Francisco Aday Benítez Caraballo (born 16 December 1987), known as Aday, is a Spanish former professional footballer. Mainly a winger, he could also play as a full-back.

He achieved Segunda División figures of 157 games and five goals over six seasons, with Girona (five years) and Tenerife (one). He appeared in La Liga with the first of those clubs.

Club career

Early career
Born in Sentmenat, Barcelona, Catalonia, Aday finished his development at local EC Granollers, making his senior debut with neighbouring CE Premià in the Tercera División. He first arrived in the Segunda División B in 2009 when he joined UE Sant Andreu, contributing 25 games and two goals in his first season as the team failed to promote in the play-offs.

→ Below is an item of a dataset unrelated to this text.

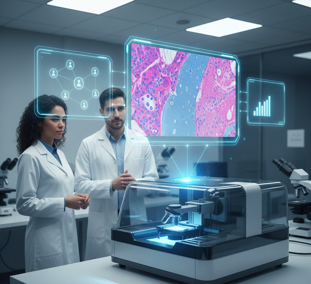 Descubra una nueva forma de diagnóstico patológico con nuestra digitalización de laminillas histológicas. Comparta imágenes de alta resolución, colabore con colegas y agilice su flujo de trabajo reduciendo tiempos de entrega.
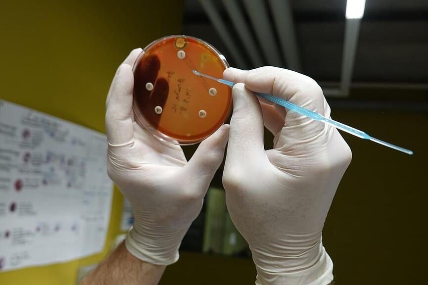 Inzwischen hat sich die Agenda an diesem Morgen gefüllt. Zuerst noch ein Blick am Labortisch in den Inkubator mit verschiedenen Milchkulturen. «Die Untersuchung von Milchproben auf den Erreger «Staphylococcus aureus» ist entscheidend für die Bekämpfung von Euterentzündungen», hält Butty fest. Der Nachweis des Mastitis-Erregers ist klar ersichtlich. In einer Petrischale sind die Bakterien zu einem Plättchen neben dem Penicillintropfen angewachsen. Es gilt daher, ein anderes Antibiotikum beim erkrankten Tier anzuwenden. Die Übertragung der Erreger erfolgt bei Kühen über den Melkakt.

Aday signed for CE L'Hospitalet in June 2011. In his second year he scored a career-best seven goals, with the side also being eliminated in post-season play.

Tenerife
On 5 July 2013, Aday moved to CD Tenerife, recently promoted to Segunda División. On 1 September he made his debut as a professional, playing the last 22 minutes of a 2–0 away loss against CD Mirandés.

Girona
On 16 July 2014, Aday joined Girona FC in the same league after terminating his contract with the Canarian club. He scored his first goal in the second tier on 4 October, the second in a 3–0 home win over SD Ponferradina after one minute on the pitch.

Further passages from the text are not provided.